* [Task objective] Skipping all pictures, please restate word for word the lines from the one that contains "Mesure de la" through the last line of the entries.

BEGIN Information given

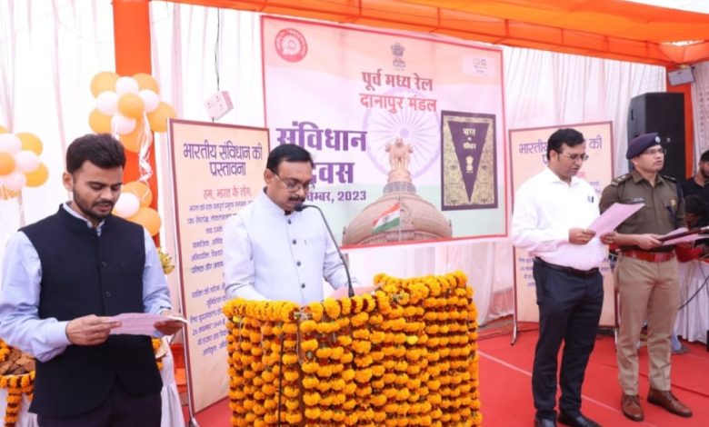 दानापुर मंडल रेल प्रबंधक जयंत कुमार चौधरी के नेतृत्व में अधिकारियों व कर्मचारियों द्वारा भारत के संविधान की उद्देशिका हम भारत के लोग भारत को एक सम्पूर्ण प्रभुत्व- सम्पन्न समाजवादी पंथनिरपेक्ष लोकतंत्रात्मक गणराज्य बनाने के लिए,
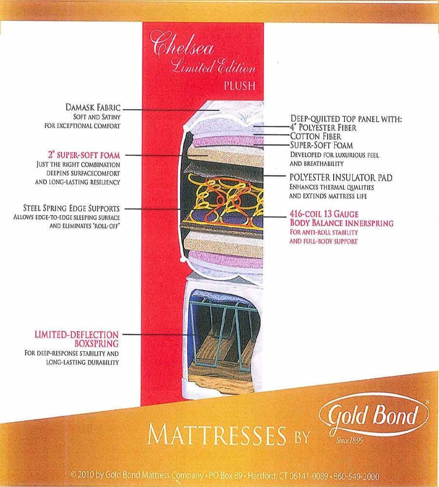 All mattresses by Gold Bond meet Flammability Standards (CA 117). Foam is certified environmentally safe by CertiPUR-US®.
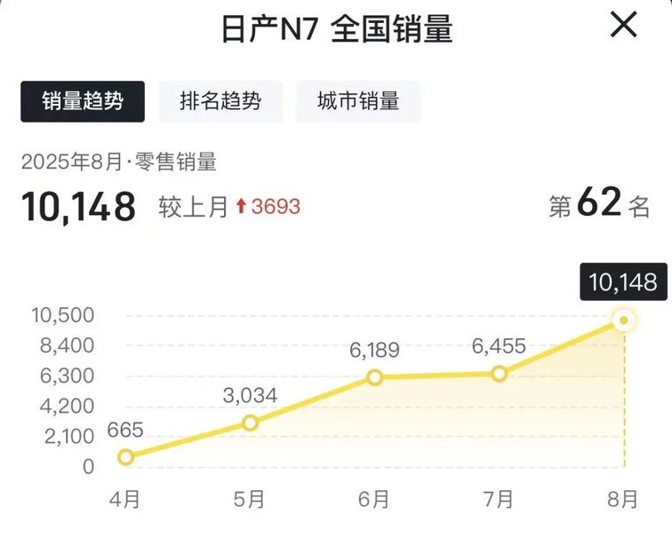 合资新能源阵营在 8 月呈现出明显的两极分化。东风日产 N7 成为最大赢家,8 月销量达到 10,148 辆,环比增长 57%,不仅创下合资纯电车型首个单月破万纪录,更以累计 26,491 辆的交付量展现出持续攀升的势头。这款定价 11.99-14.49 万元的纯电轿车,成功打破了合资新能源车型的销量魔咒。
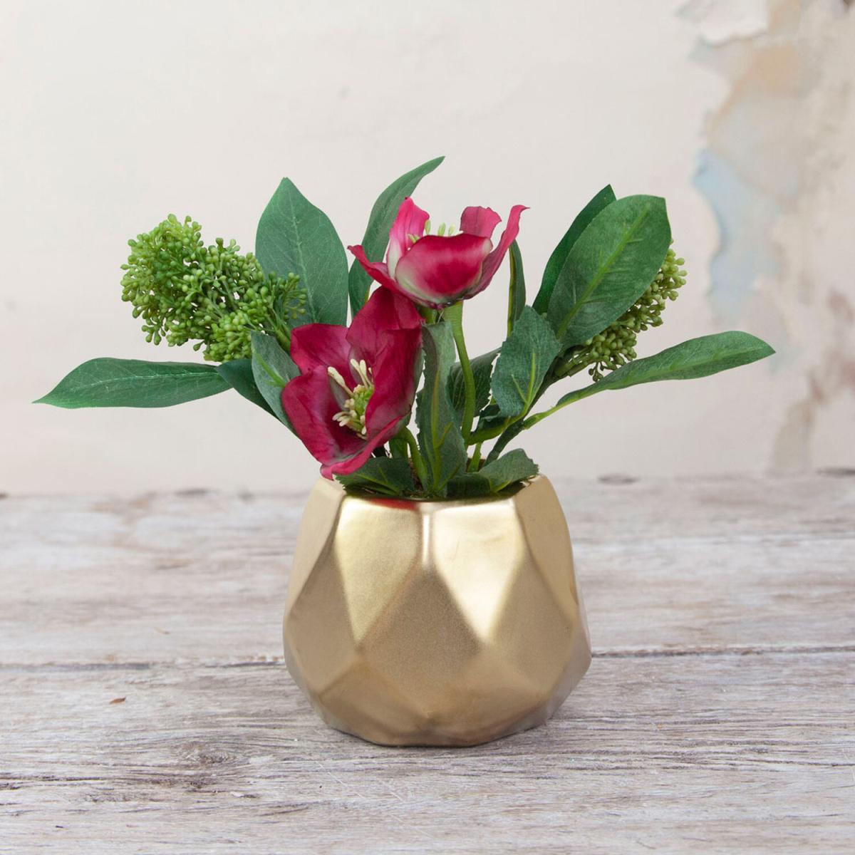 I love this bunch of magenta hellebores paired with skimmia berries; they bring a fresh, festive feel without the maintenance of fresh flowers. The ceramic vessel adds a classic touch, making it versatile for various décor styles. It works particularly well in contemporary or minimalist interiors, where its pop of colour can brighten neutral palettes. For styling tips, I’d suggest placing it on a side table, mantel, or as a centrepiece to add seasonal charm. It’s also quite practical-ideal for spaces with little natural light or pet-friendly homes, as it won’t wilt or require watering. Overall, it’s a smart, long-lasting way to elevate your holiday décor.
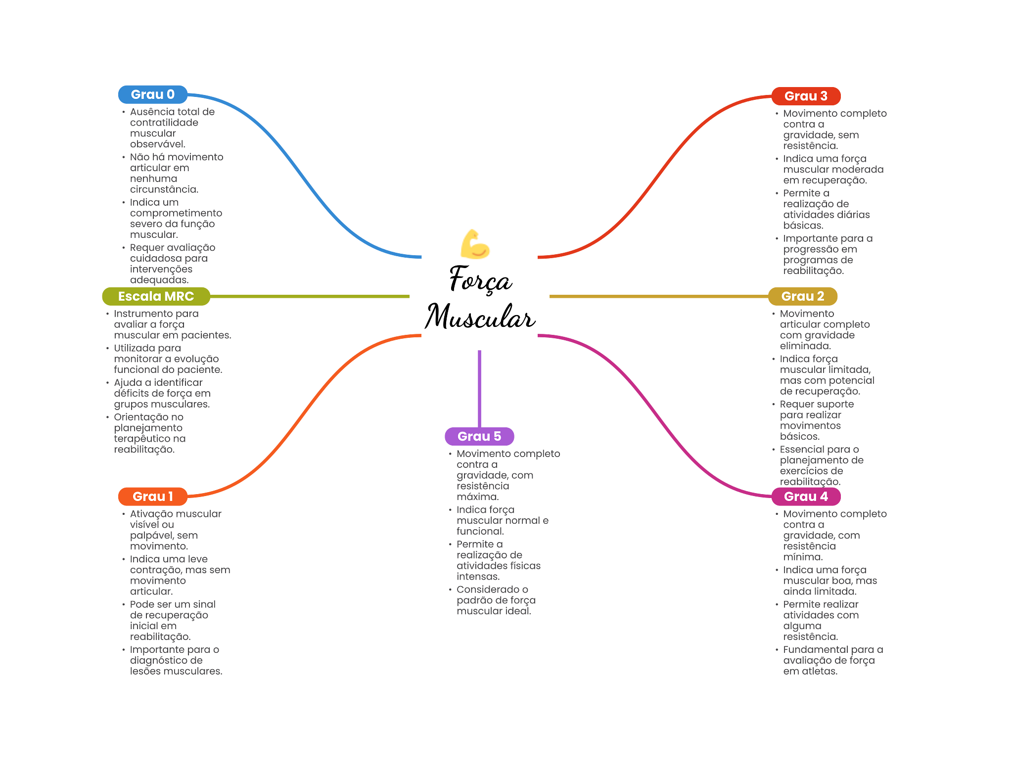 Grau Grau 3 Ausência total de Movimento completo contratilidade contra a muscular gravidade, sem observável. resistência. Não movimento uma força articular em muscular moderada nenhuma em recuperação. circunstância. Permite a Indica um realização de comprometimento atividades diárias severo da função muscular. para a Requer em cuidadosa para programas de Intervenções adequadas. Escala MRC Grau 2 para - Movimento a força articular completo muscular em pacientes. com gravidade Utilizada para eliminada. monitorar a evolução Indica força funcional do paciente. muscular limitada, Ajuda a identificar com potencial de força em de recuperação. grupos musculares. Requer suporte no para movimentos terapêutico na Grau 5 reabilitação. Movimento completo Essencial para contra a de gravidade, com exercícios de resistência reabilitação. Grau 1 Grau 4 Ativação muscular Indica força ou muscular normal Movimento completo contra a palpável, funcional. gravidade, com movimento. Permite a resistência Indica uma leve de contração, mas sem atividades Indica uma força movimento muscular articular. Considerado ainda limitada. Pode ser um padrão de força Permite de recuperação muscular atividades com Inicial em alguma resistência. para Fundamental para a de de força lesões musculares. em
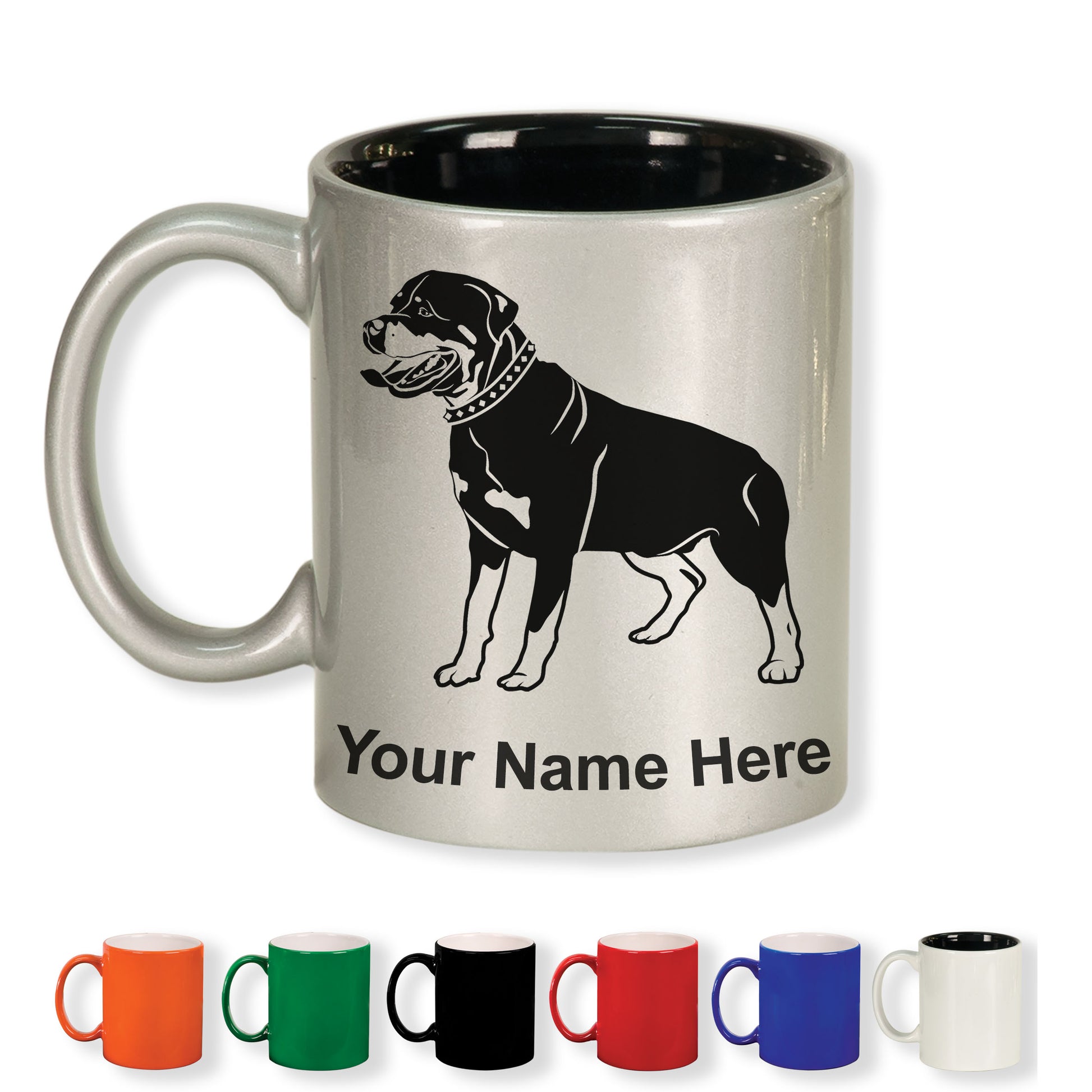 11oz Round Ceramic Coffee Mug, Rottweiler Dog, Personalized Engraving Included
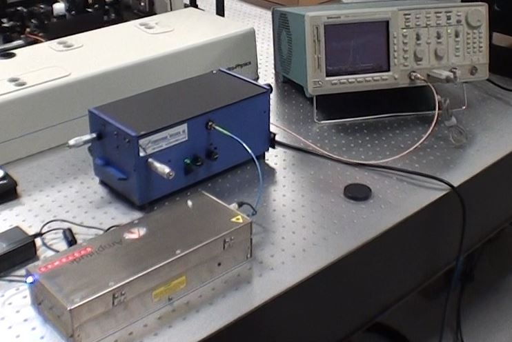 Mesure de la durée des pulses d'un laser fibré de chez AMPLITUDE SYSTEMS avec un auto corrélateur FEMTOCHROME FR 103XL.
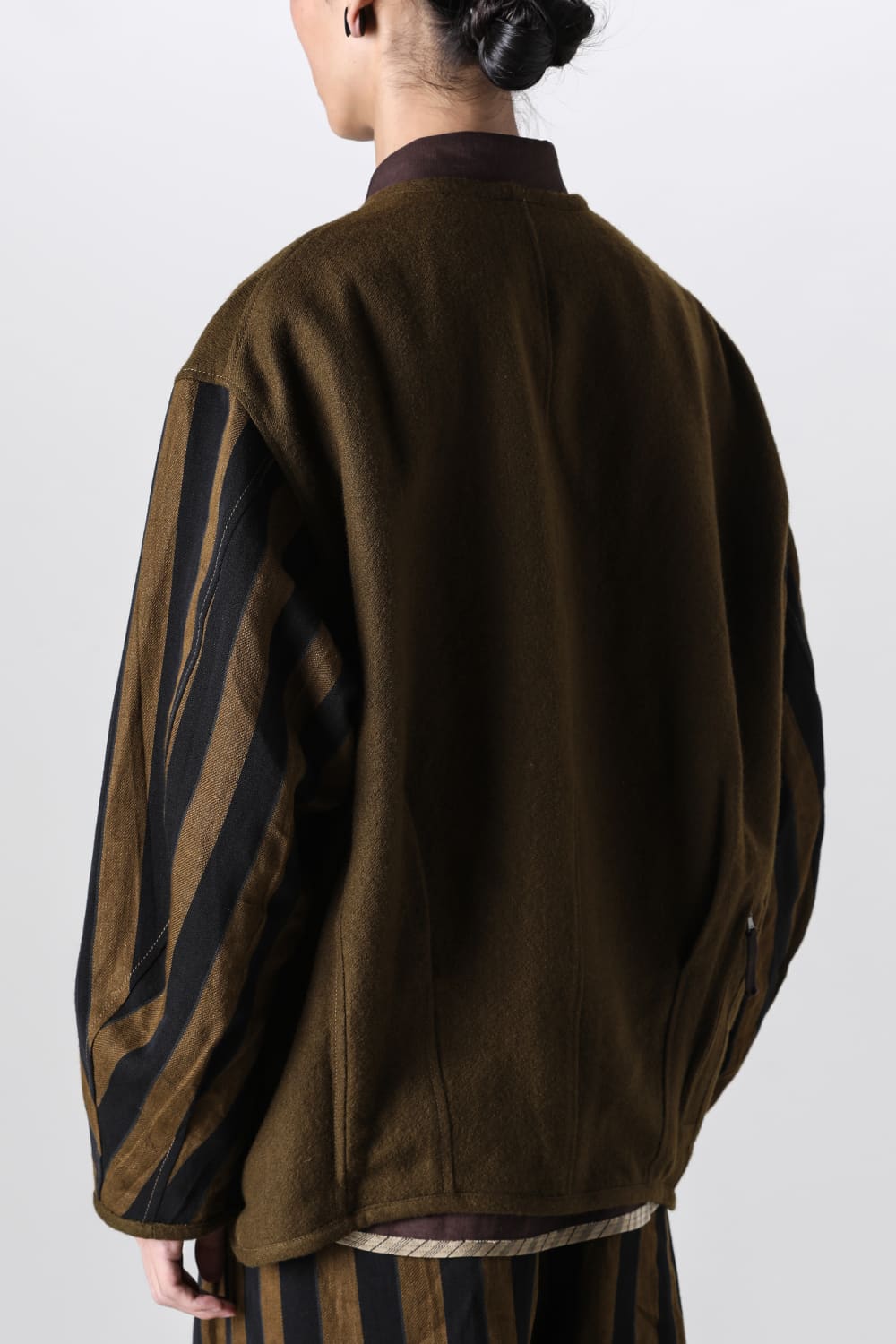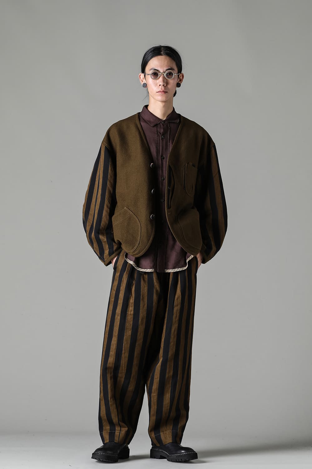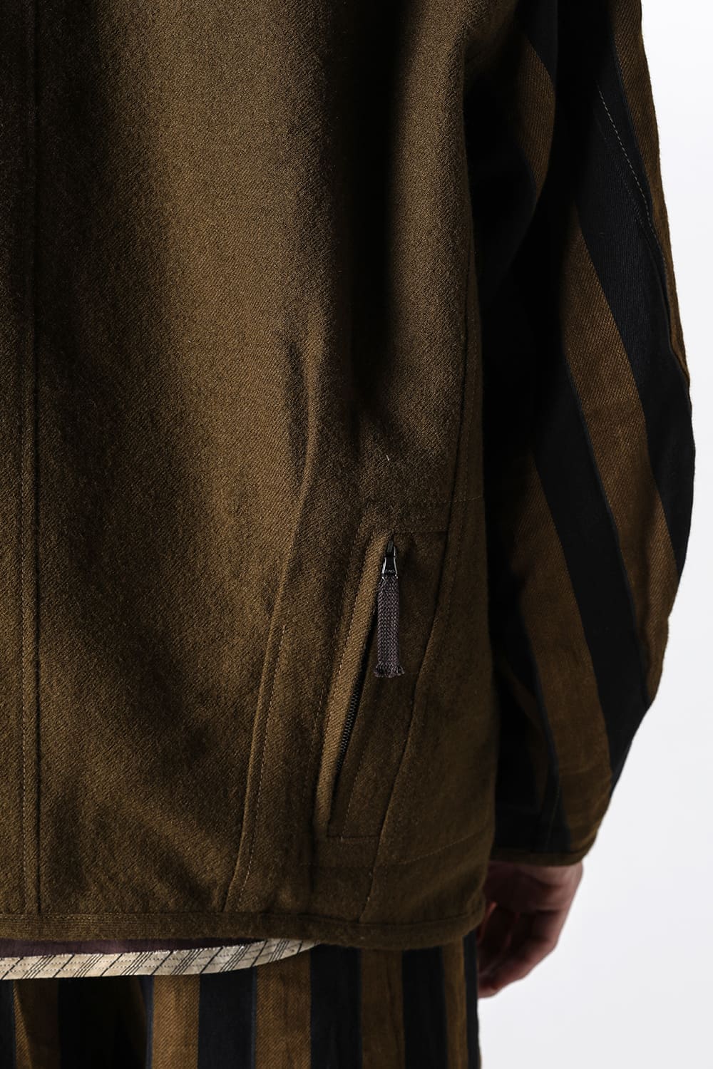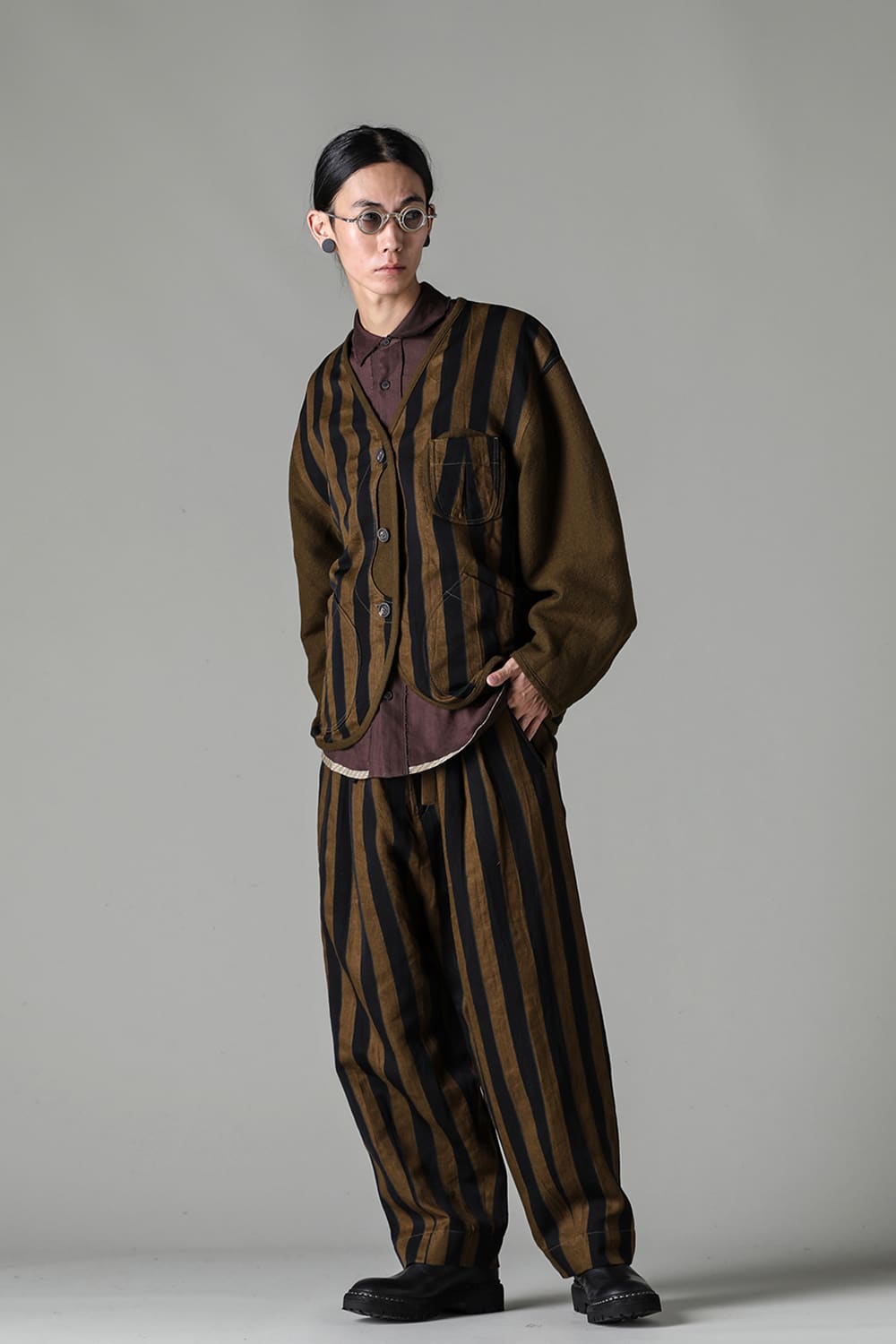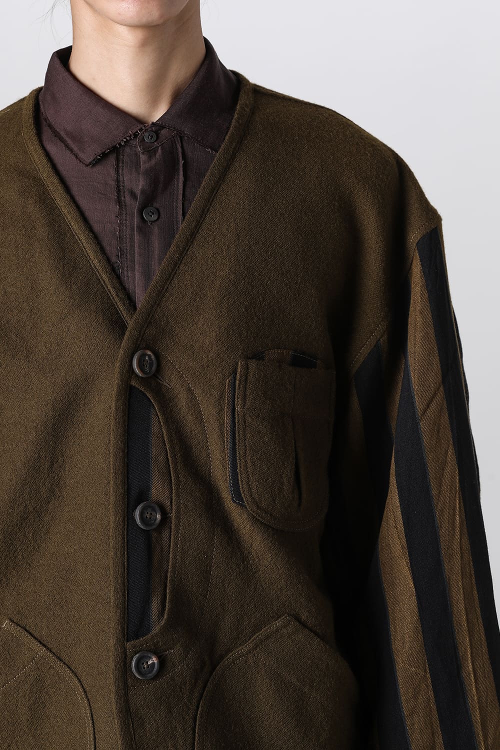 Collarless reversible jacket features V-neck neckline and striped fabric used throughout.

END Information given

* [Written solution]
 Mesure de la durée des pulses d'un laser fibré de chez AMPLITUDE SYSTEMS avec un auto corrélateur FEMTOCHROME FR 103XL.
 Collarless reversible jacket features V-neck neckline and striped fabric used throughout.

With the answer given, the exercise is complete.